Since I wrote this letter on Monday, I have been thinking about the word "elevate" and how it relates to me and my life right now. Yesterday I read a chapter in a book (Here is Where--I finally got to check it out again so I could finish reading it) about the inventor of the elevators, Elisha Otis. Did you know that he didn't patent his design for an automatic safety elevator for seven years? That is a ridiculously long time in the world of innovation. The author, Andrew Carroll, briefly touched on his assumption that Otis himself didn't realize "how drastically his work would reshape the global landscape." The skylines of the world's greatest cities, and even many of the smallest ones, would be different without the elevator. There really isn't a good way to measure just how far Otis' influence is felt in our day.If there is one thing Elisha Otis succeeded at during his lifetime, it was elevating people to new heights. Quite literally.

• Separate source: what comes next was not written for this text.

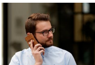
2 Wet arbeidsmarkt in balans (WAB)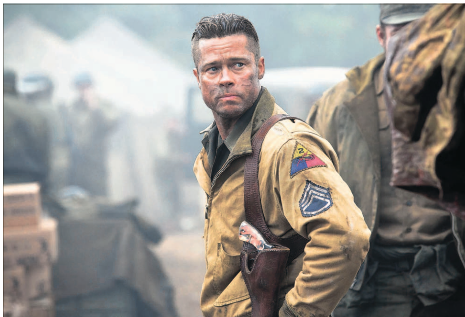
■ Brad Pitt op de foto in zijn rol als tankcommandant: ‘Als iemand Angelina of onze kinderen zou bedreigen? Ik zou hem doden zonder met mijn ogen te knippen. Ik weet nu dat ik daartoe in staat ben.’

This week there has been snow in some of the highest elevations in Utah, where we currently live. Every year when fall rolls around, we take as much advantage as we can because it is such a fleeting season. As the leaves fall to the ground, our gaze turns up to the mountains as we watch the white creep further and further down into the valleys until children are being dressed by their mothers as Christmas Carolers on Halloween because it is simply too cold to wear any other sort of costume.

The elevation in Utah is much higher than other parts of the world--though it cannot claim to be the absolute highest. Still, when you move from this elevation to a much lower one, there is a difference, and it is a noticeable one. When I left on my mission, I could barely run half a mile without wanting to die because I couldn't breathe well. When I got to Texas, however, I found I could run faster and longer because I didn't have to fight as hard for oxygen. In the lower elevation, all of the hard work I had put in (granted, not much, since I am not much of an exerciser/runner, but work with me here) showed greater results than I ever thought capable.

Sometimes I feel like right now I am working in a "higher elevation" climate of life. The littlest things take so much effort, more than I feel should be necessary. I often look around me and wonder why others seem to be able to do so much more, but then I realize, I am living my life, not theirs. I have my challenges, not theirs. Right now, even though I am *just* a stay at home mom of *only* one child without very many responsibilities on the side, I struggle more often than not. I don't struggle because I am not content with what I am doing. I struggle because being a mother is hard. I struggle because, although I am working hard to elevate myself, there is only so much I can do. I struggle because have you ever tried to elevate a toddler into a higher way of thinking and living? Yeah, it's like trying to run a marathon during a tsunami.

Regardless, I know that someday all of this work that I am putting in--teaching her how to share, how to work, how to help, how to be resilient, how to accept the answer "no" (still working on that one), how to recognize Heavenly Father and Jesus, how to show love to those who need it most--will be evident when she gets older and we experience a lower climate. There, she will be able to shine brighter, last longer, and work harder.

And I will be able to see that these early days of her life have elevated both of us into more than we ever thought we could be.